**INPUT DATA**
= Beginning of Section =

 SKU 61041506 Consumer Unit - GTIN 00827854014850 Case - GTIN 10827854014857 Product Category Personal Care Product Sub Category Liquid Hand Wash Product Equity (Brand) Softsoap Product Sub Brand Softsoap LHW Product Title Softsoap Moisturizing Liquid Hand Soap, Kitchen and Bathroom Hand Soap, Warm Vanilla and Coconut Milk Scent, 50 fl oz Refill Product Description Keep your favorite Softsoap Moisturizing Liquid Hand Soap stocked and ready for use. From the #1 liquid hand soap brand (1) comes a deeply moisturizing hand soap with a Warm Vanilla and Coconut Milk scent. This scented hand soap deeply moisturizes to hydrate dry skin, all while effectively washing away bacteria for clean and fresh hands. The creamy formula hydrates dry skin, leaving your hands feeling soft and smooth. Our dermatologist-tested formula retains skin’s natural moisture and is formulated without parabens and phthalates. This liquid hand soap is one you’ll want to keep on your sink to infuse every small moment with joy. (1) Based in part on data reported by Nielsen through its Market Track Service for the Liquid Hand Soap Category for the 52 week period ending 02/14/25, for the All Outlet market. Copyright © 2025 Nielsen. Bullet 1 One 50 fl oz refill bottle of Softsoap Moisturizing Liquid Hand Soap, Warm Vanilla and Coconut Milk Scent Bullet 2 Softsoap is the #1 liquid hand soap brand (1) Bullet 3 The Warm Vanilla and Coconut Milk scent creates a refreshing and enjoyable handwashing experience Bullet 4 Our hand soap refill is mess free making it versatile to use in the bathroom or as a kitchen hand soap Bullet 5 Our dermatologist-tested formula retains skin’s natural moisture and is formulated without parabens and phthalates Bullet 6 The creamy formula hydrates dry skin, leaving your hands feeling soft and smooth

= End of Section =
= Beginning of Section =

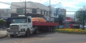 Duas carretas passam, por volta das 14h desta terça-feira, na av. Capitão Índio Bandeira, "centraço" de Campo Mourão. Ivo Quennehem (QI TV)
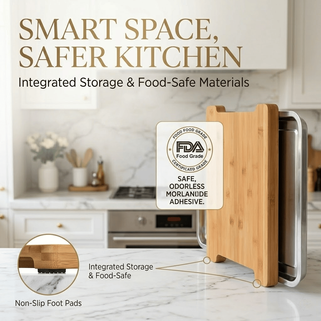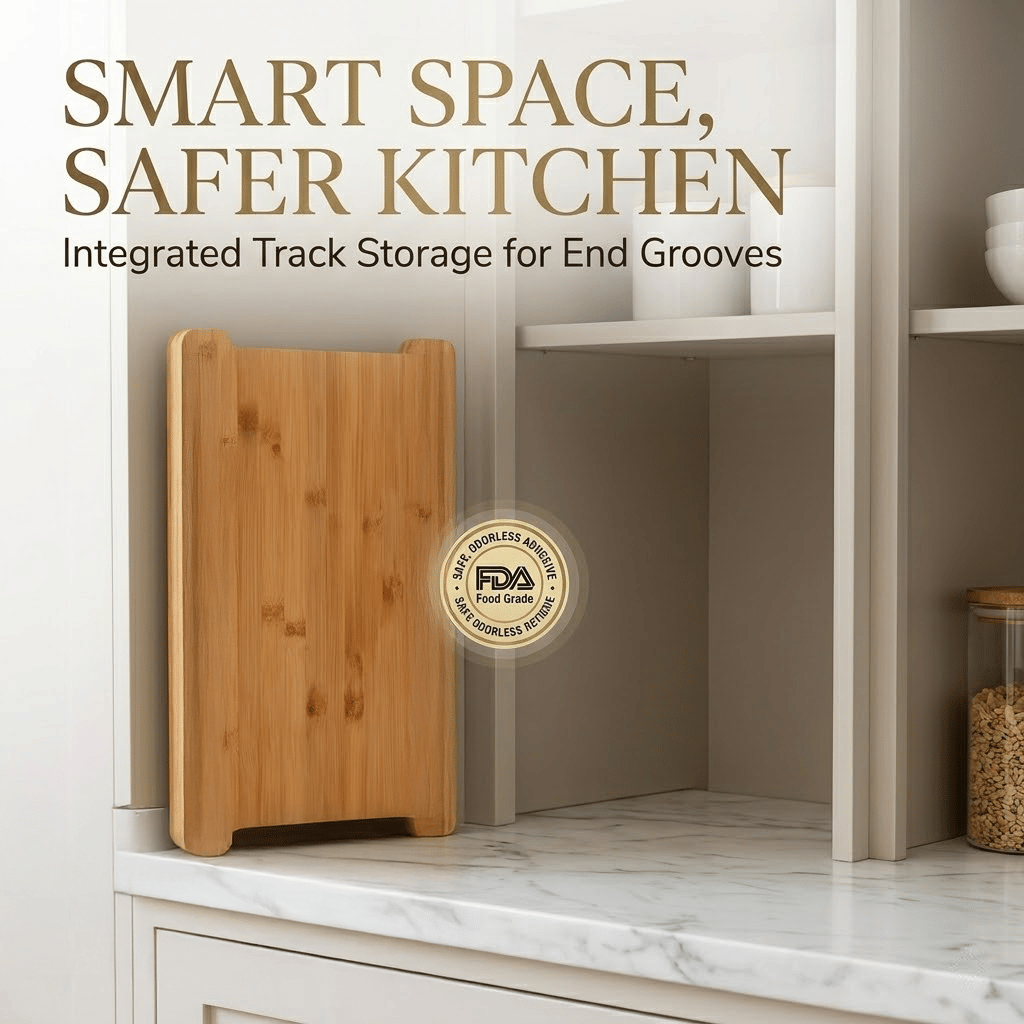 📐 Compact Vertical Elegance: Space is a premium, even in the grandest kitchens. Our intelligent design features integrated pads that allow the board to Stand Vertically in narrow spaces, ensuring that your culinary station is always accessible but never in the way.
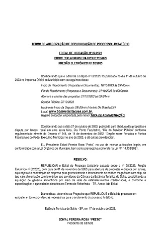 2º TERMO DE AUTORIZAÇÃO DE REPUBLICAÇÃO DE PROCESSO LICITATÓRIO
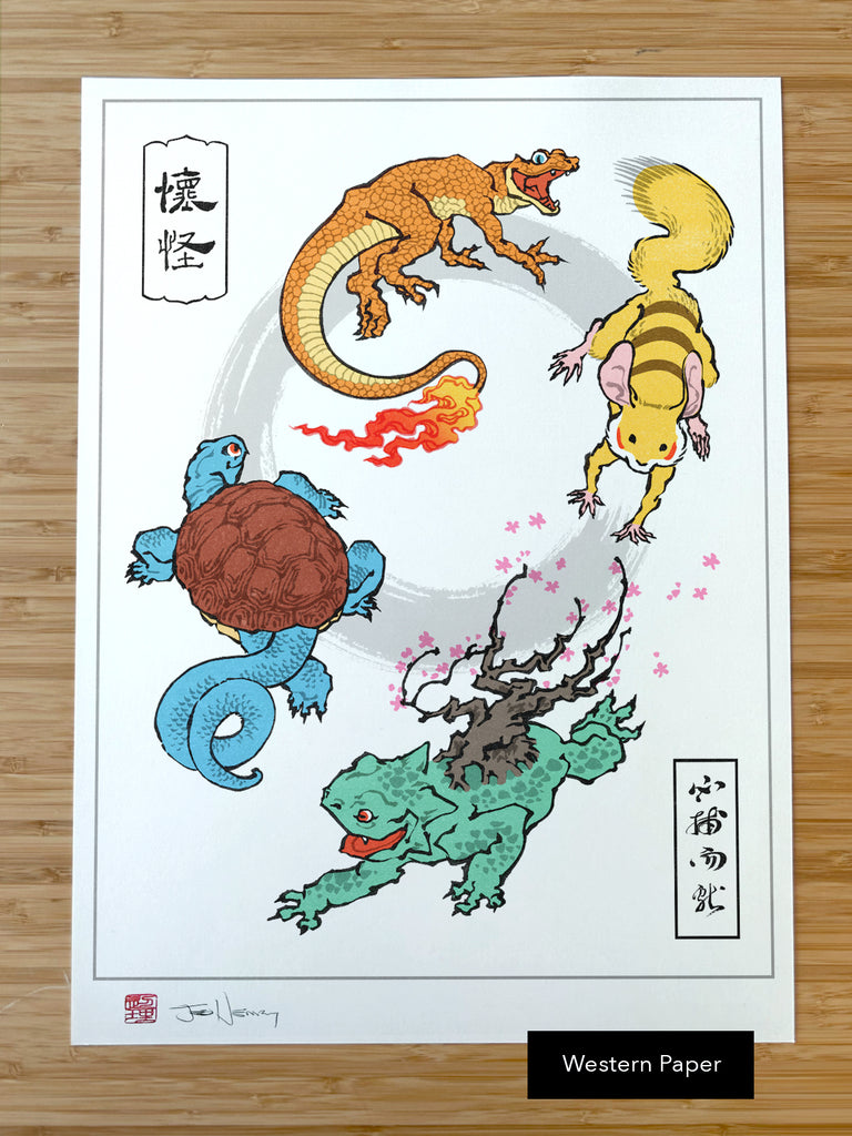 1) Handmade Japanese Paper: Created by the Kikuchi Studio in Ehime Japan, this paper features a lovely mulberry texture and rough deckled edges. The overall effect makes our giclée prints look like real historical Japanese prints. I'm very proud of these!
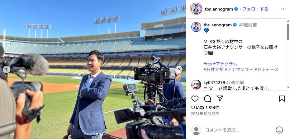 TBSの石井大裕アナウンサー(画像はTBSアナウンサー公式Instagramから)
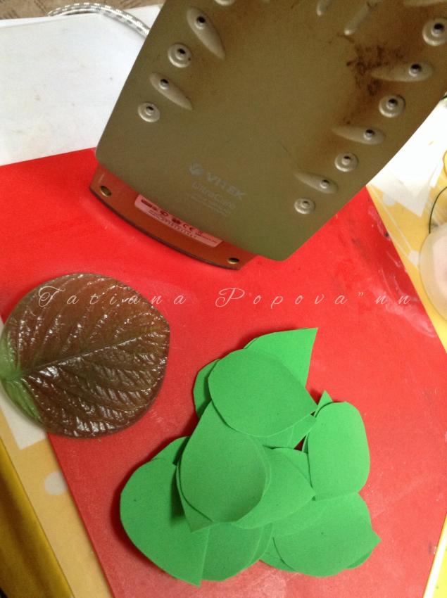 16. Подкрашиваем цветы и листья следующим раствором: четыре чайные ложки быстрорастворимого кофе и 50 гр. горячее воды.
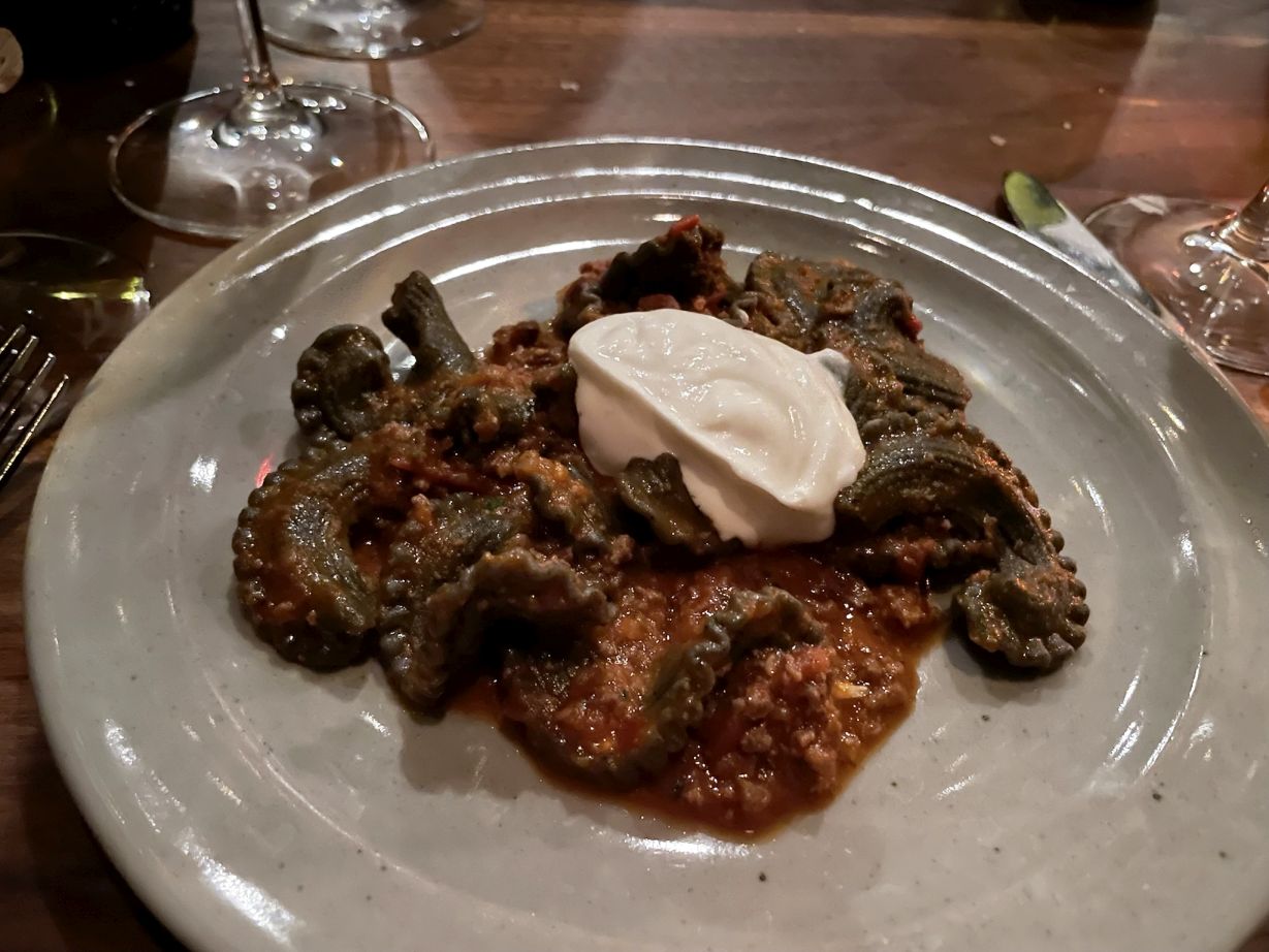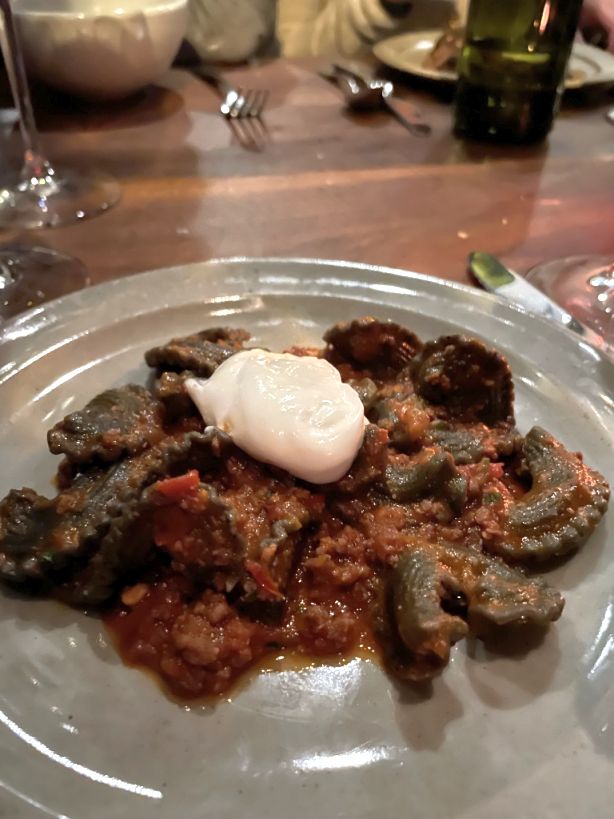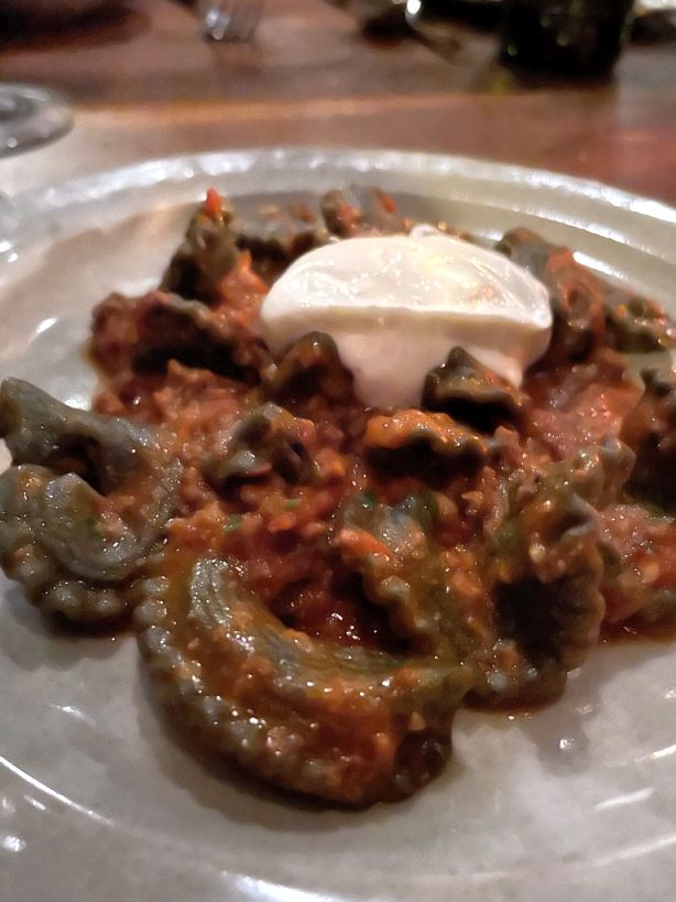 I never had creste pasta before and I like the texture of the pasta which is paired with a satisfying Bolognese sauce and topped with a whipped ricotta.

= End of Section =

**WHAT YOU ARE ASKED TO DO**
Among the lines above, the one with "1) Handmade Japanese" opens the part to repeat and the one with "I never had" closes it; repeat only that part exactly, with no pictures.

**RESULT OF THIS EXERCISE**
 1) Handmade Japanese Paper: Created by the Kikuchi Studio in Ehime Japan, this paper features a lovely mulberry texture and rough deckled edges. The overall effect makes our giclée prints look like real historical Japanese prints. I'm very proud of these!
 TBSの石井大裕アナウンサー(画像はTBSアナウンサー公式Instagramから)
 16. Подкрашиваем цветы и листья следующим раствором: четыре чайные ложки быстрорастворимого кофе и 50 гр. горячее воды.
 I never had creste pasta before and I like the texture of the pasta which is paired with a satisfying Bolognese sauce and topped with a whipped ricotta.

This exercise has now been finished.